# 250 San Mai Gyuto



## BT11 (Jul 3, 2020)

Gday KKF,
Quick intro. I've been a spare time maker for roughly 5 years. I go by Brook Turner Blades on Insta etc. I make because its fun and interesting. Recently build myself a hydraulic press so I'll be knocking out more stuff similar to this one in the future.

Recent custom I finished.

250x53mm San Mai Gyuto forged from wrought Iron, nickel with a CruforgeV carbon steel core.
Arizona Ironwood, nickel and ancient Jarrah western handle
3.4mm thick spine at the heel, tapering down to a nice thin tip.
Weight was about 251g
Burnt Oak saya with matching Ironwood pin

Cheers for looking


----------



## Tim Rowland (Jul 3, 2020)

Nice to see you on here.


----------



## BT11 (Jul 4, 2020)

Tim Rowland said:


> Nice to see you on here.


Cheers Tim


----------



## Geigs (Jul 4, 2020)

great looking knife, the handle is really well done too. Love me some jarrah!


----------



## Matt Zilliox (Jul 5, 2020)

Good job. I like this style. I want to rub it on some stones


----------



## vl2k1 (Jul 5, 2020)

Wow! Very nice. Did you enjoy working with wrought Iron?


----------



## captaincaed (Jul 5, 2020)

Man that's clean. How is grinding the CruForge?


----------



## kbright (Jul 5, 2020)

Very nice work. Show us some more.


----------



## valgard (Jul 5, 2020)

Sup Brook!


----------



## BT11 (Jul 7, 2020)

Geigs said:


> great looking knife, the handle is really well done too. Love me some jarrah!

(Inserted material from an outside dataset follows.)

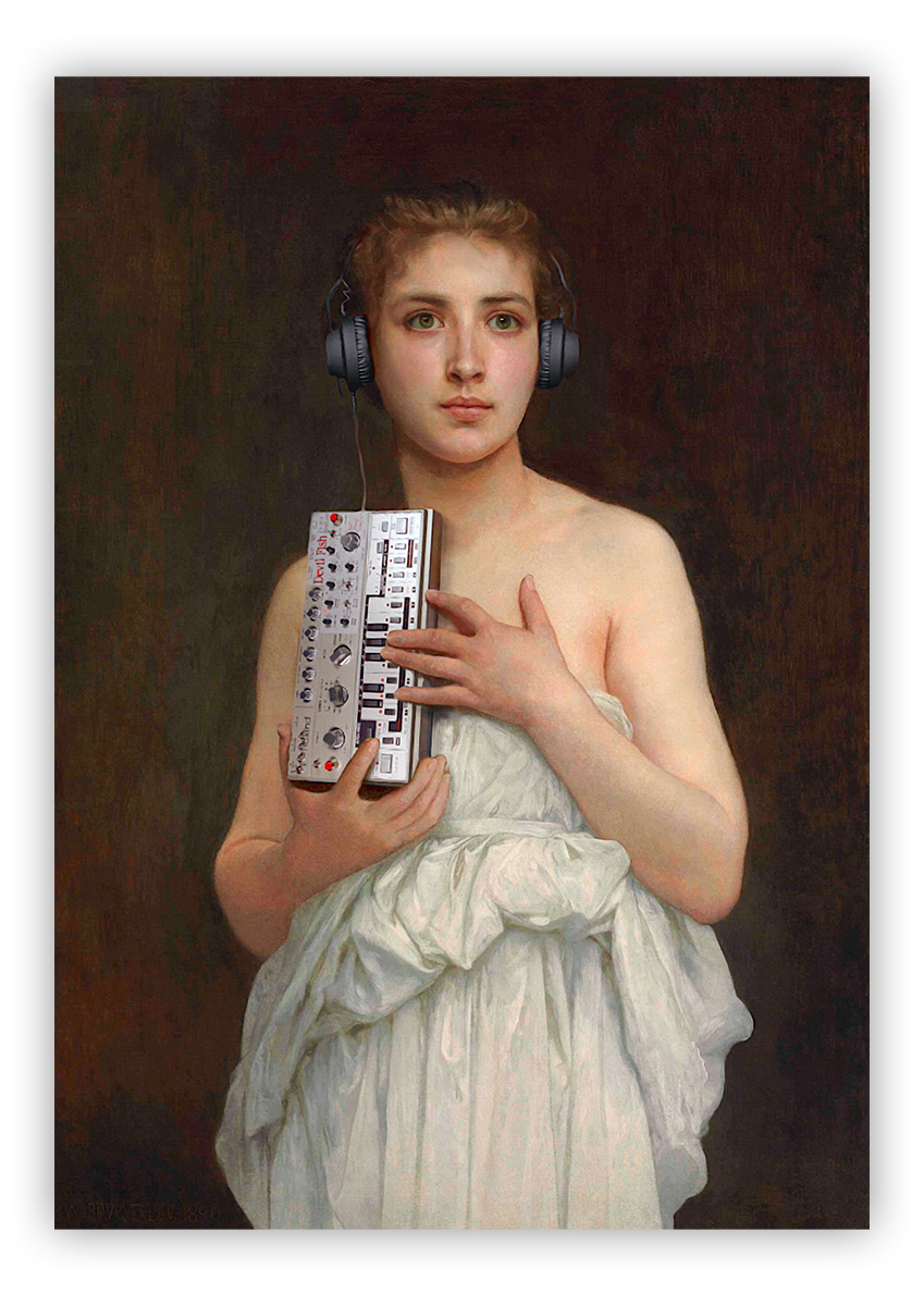 Pandora hat die 303-Box soeben geöffnet. Mit weit geöffneten Augen blickt sie in die Ferne auf die acidartigen Klangwellen, die sie gerade in die Welt entlassen hat. Eine Hand liegt klar ausgearbeitet an ihrer Brust, ihr Körper wirkt wie erstarrt angesichts der Unumkehrbarkeit ihrer Handlung.
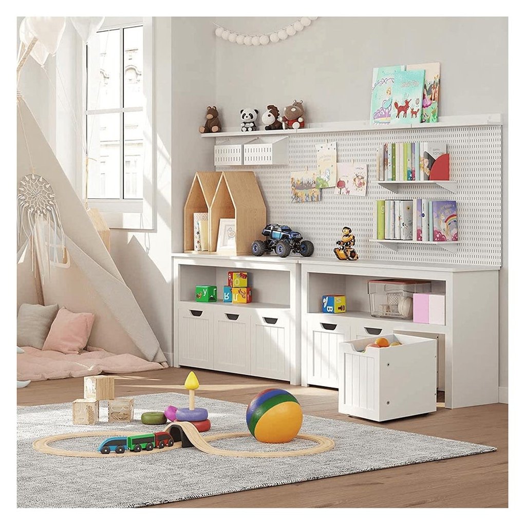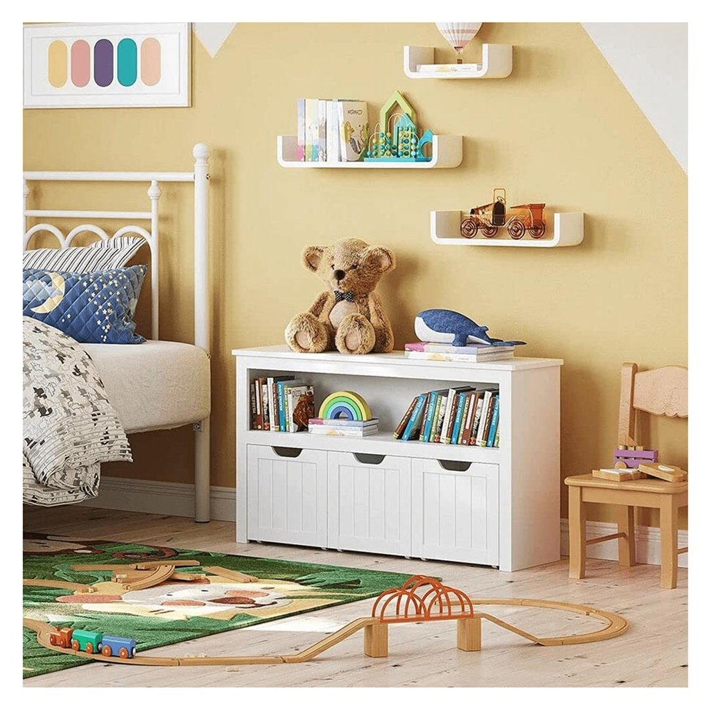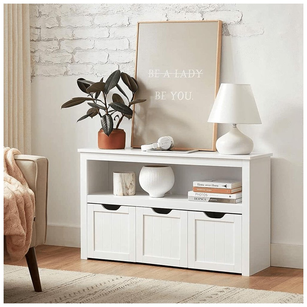 S touto úložnou skříňkou uklidíte všechno. Díky bílému povrchu a jednoduchému vzhledu se hodí do vašeho obývacího pokoje, ložnice nebo dětského pokoje.

Thanks mate! The jarrah has some intense fiddleback in it which unfortunately I couldn't get to pop when polished


----------



## BT11 (Jul 7, 2020)

Matt Zilliox said:


> Good job. I like this style. I want to rub it on some stones


Cheers Matt. I dare say the new owner will do exactly that at some point!


----------



## BT11 (Jul 7, 2020)

vl2k1 said:


> Wow! Very nice. Did you enjoy working with wrought Iron?


Thanks! Wrought iron isn't too bad to work with. You do need to keep it a bit hotter when forging otherwise it has a tendency to rip/tear itself apart. Clogs belts a little when grinding, but is super easy to hand sand afterwards. Plus it looks interesting


----------



## BT11 (Jul 7, 2020)

captaincaed said:


> Man that's clean. How is grinding the CruForge?

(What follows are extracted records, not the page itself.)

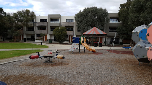 This playground offers a range of basic play equipment, including climbing structures, swings, and a slide, making it a functional spot for a quick play session. It’s also equipped with BBQ facilities and adjacent to a basketball court and open grass field, providing options for family activities and picnics. Its convenient location within a shopping center adds to its accessibility.
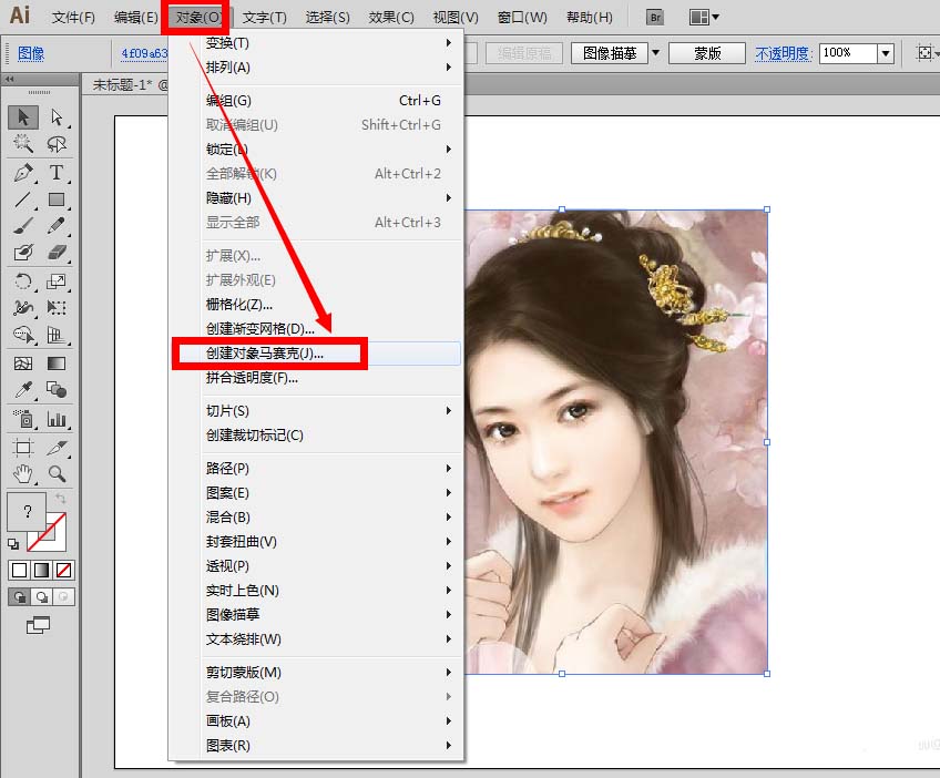 1、选中画布上的图片,点击菜单栏的“对象”——“创建对象马赛克”
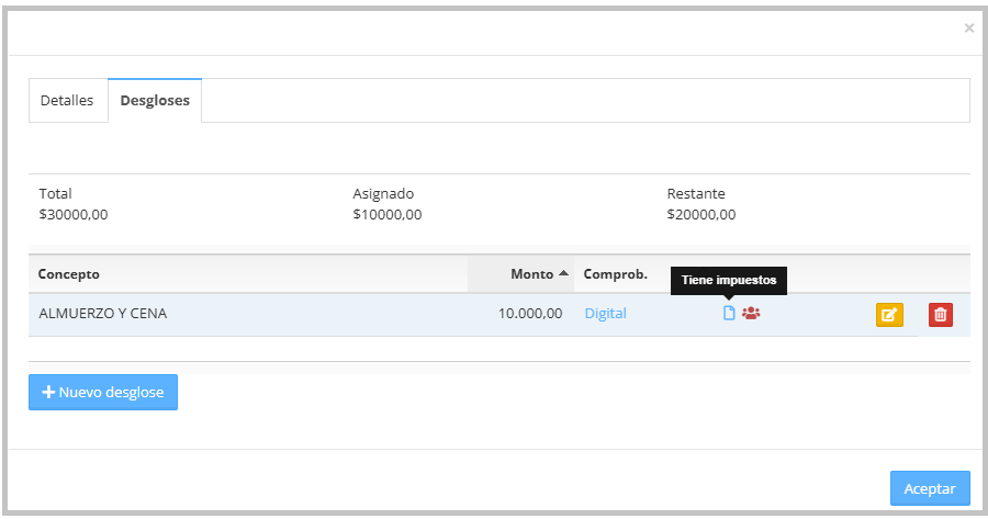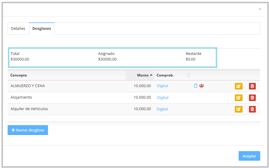 - Asignado: indica la suma de los importes ya cargados en los ítems de desglose.

Grinding it is fine. But hand sanding it is a bit more difficult. Definitely has some abrasion resistance with that added vanadium in the steel.


----------



## BT11 (Jul 7, 2020)

kbright said:


> Very nice work. Show us some more.


Thanks mate! Will post up some more works as I slowly get around to finishing them


----------



## BT11 (Jul 7, 2020)

valgard said:


> Sup Brook!


Yo Cuban stone lord


----------



## captaincaed (Jul 7, 2020)

BT11 said:


> Grinding it is fine. But hand sanding it is a bit more difficult. Definitely has some abrasion resistance with that added vanadium in the steel.


Yeah its not much but I keep.hearing horror stories for the finishing steps


----------



## BT11 (Jul 7, 2020)

captaincaed said:


> Yeah its not much but I keep.hearing horror stories for the finishing steps



I'd put it somewhere in-between Hitachi Blue2 (on the easier side) and RWL34/Damasteel or Hitachi AO Super (on the pain in the butt side) to hand sand. 

I forged out a mono steel Cruforge blade a while back and sent it out for some testing. I stopped hand sanding it at 600 grit because it was hell. The guy liked the steel, and ended up doing a full Jnat polish on it. Glutton for punishment


----------



## captaincaed (Jul 8, 2020)

There be monsters there. Also probably killed $100 worth of stones getting that done. Bet it looked great!

Forgot to say, very handsome piece. I'm going to keep an eye open...


----------



## Malcolm Johnson (Jul 15, 2020)

Do you have an Instagram? I’d love to follow you


----------



## Tim Rowland (Jul 15, 2020)

Malcolm Johnson said:


> Do you have an Instagram? I’d love to follow you



his instagram is: brookturnerblades


----------



## BT11 (Jul 15, 2020)

Tim Rowland said:


> his instagram is: brookturnerblades


Thanks Tim


----------